» **PROVIDED DATA**:
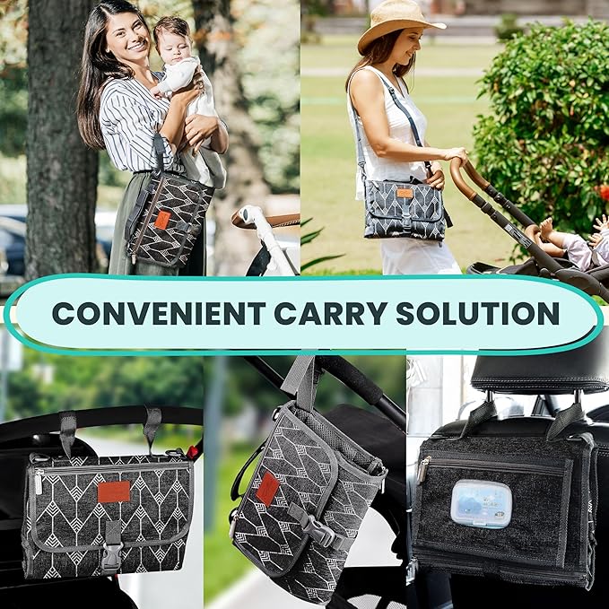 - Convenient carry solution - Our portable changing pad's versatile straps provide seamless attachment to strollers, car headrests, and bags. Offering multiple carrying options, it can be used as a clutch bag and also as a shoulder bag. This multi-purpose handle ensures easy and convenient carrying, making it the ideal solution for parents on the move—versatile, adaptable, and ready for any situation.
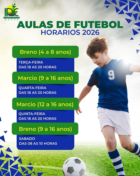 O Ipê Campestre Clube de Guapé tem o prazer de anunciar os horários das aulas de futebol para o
* * *
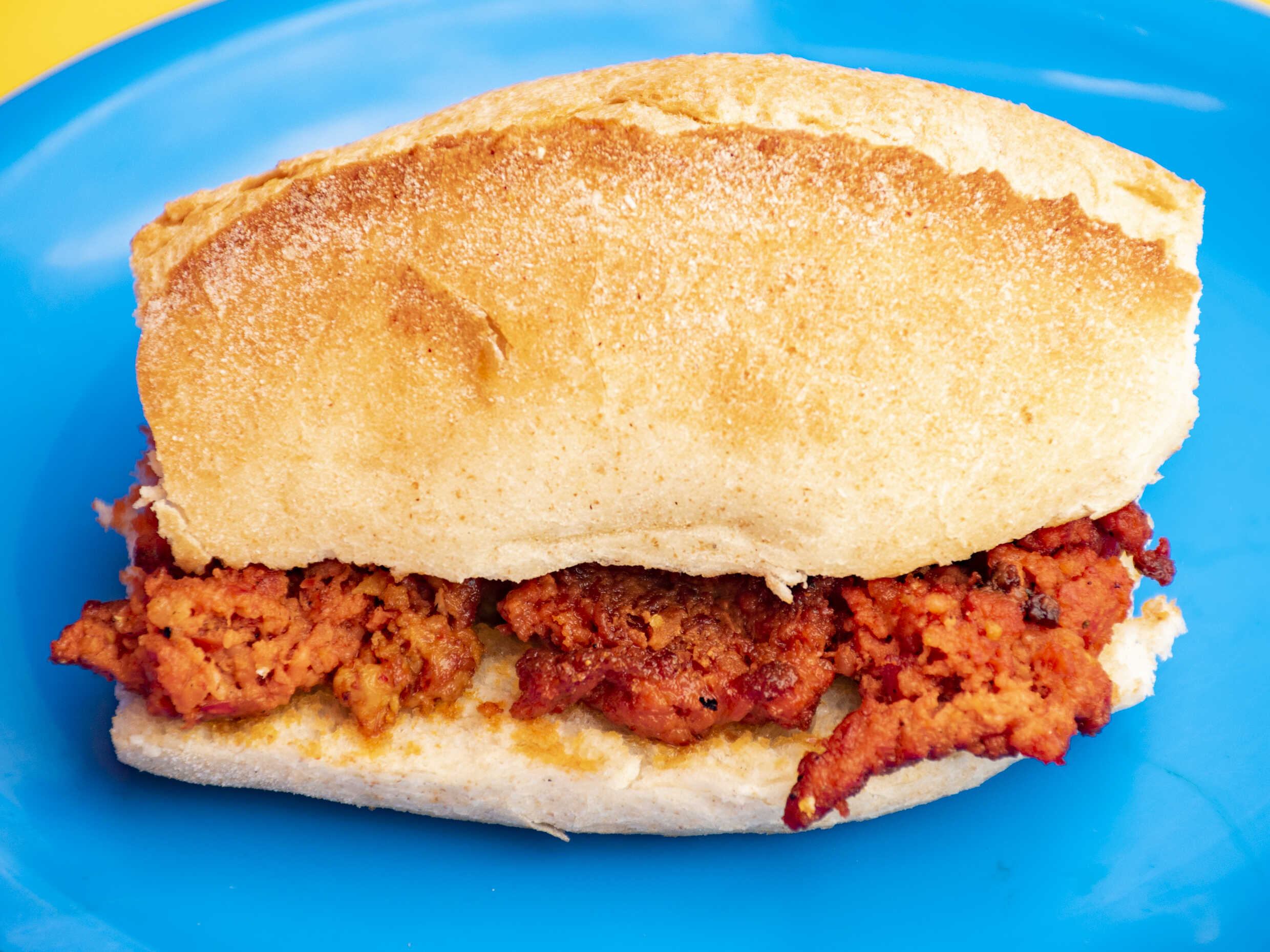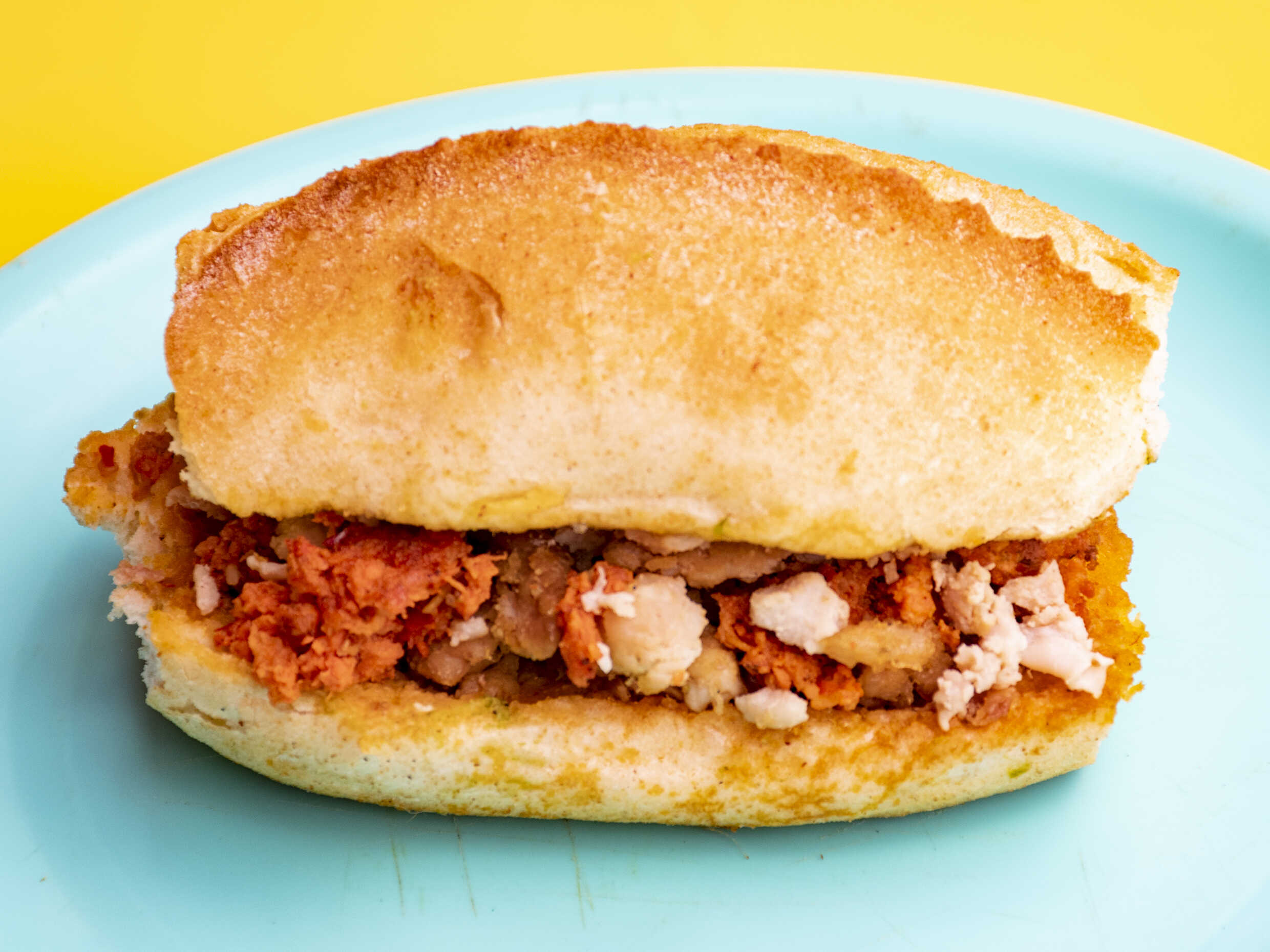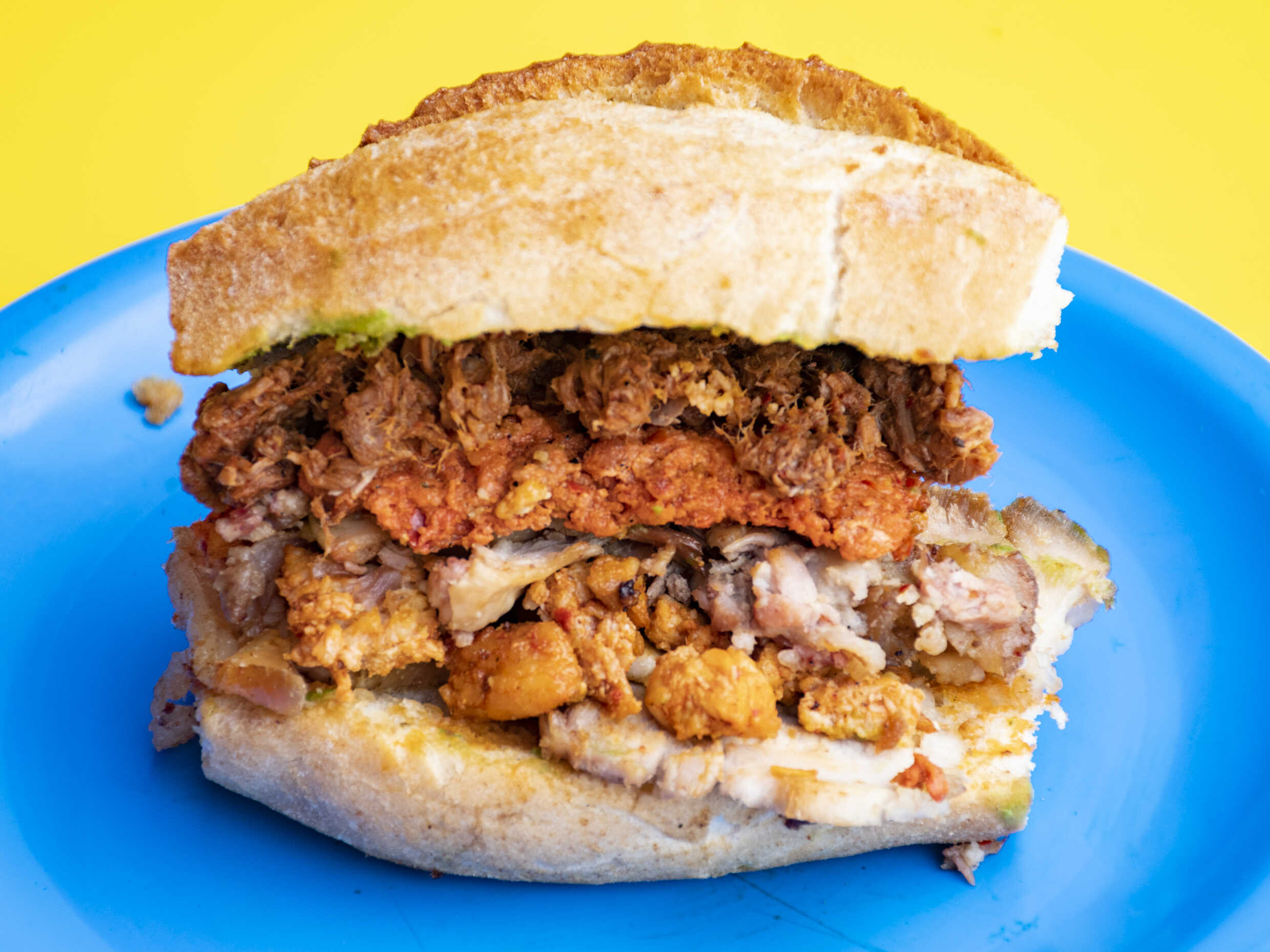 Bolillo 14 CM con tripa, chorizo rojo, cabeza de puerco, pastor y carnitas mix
==
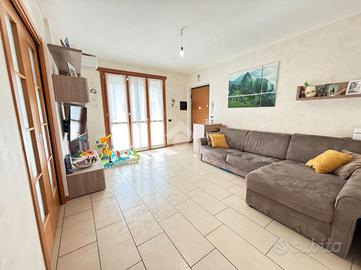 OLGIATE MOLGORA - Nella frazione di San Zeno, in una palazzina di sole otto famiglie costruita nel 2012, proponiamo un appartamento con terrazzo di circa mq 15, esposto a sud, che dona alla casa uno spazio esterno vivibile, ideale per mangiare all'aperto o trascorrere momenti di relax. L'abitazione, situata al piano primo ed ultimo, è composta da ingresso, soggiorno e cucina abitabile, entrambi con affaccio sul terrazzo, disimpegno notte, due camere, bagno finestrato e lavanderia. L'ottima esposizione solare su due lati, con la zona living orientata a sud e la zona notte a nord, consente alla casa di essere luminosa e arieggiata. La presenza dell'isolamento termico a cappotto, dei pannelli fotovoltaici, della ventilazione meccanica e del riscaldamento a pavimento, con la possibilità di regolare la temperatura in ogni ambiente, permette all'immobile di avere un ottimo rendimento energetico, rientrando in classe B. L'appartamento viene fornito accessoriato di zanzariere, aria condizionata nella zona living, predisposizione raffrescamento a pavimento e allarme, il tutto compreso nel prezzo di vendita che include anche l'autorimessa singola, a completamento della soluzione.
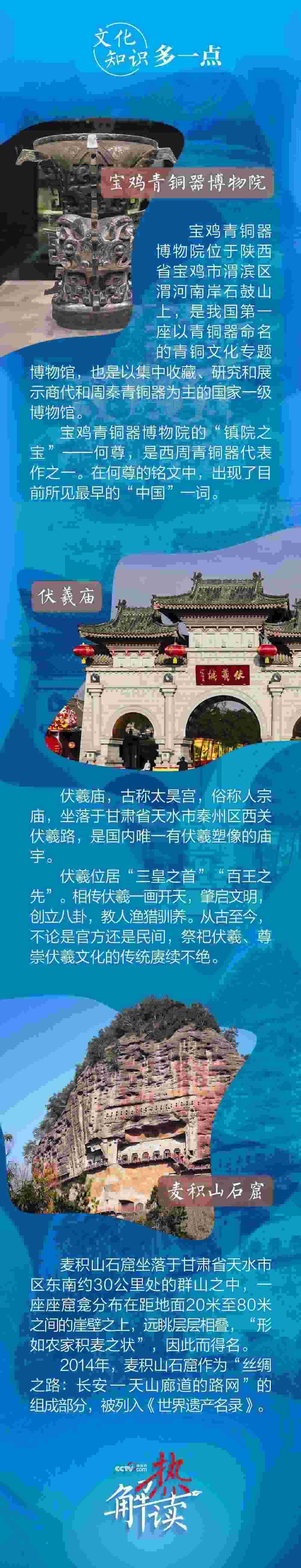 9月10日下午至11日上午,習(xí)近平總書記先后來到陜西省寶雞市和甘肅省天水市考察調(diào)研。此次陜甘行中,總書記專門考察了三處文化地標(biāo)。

» **WHAT IS BEING ASKED**:
Copy out the lines above from the line containing "- Convenient carry" through the line containing "O Ipê Campestre", exactly, and keep the pictures out.

» **RESPONSE AREA**:
 - Convenient carry solution - Our portable changing pad's versatile straps provide seamless attachment to strollers, car headrests, and bags. Offering multiple carrying options, it can be used as a clutch bag and also as a shoulder bag. This multi-purpose handle ensures easy and convenient carrying, making it the ideal solution for parents on the move—versatile, adaptable, and ready for any situation.
 O Ipê Campestre Clube de Guapé tem o prazer de anunciar os horários das aulas de futebol para o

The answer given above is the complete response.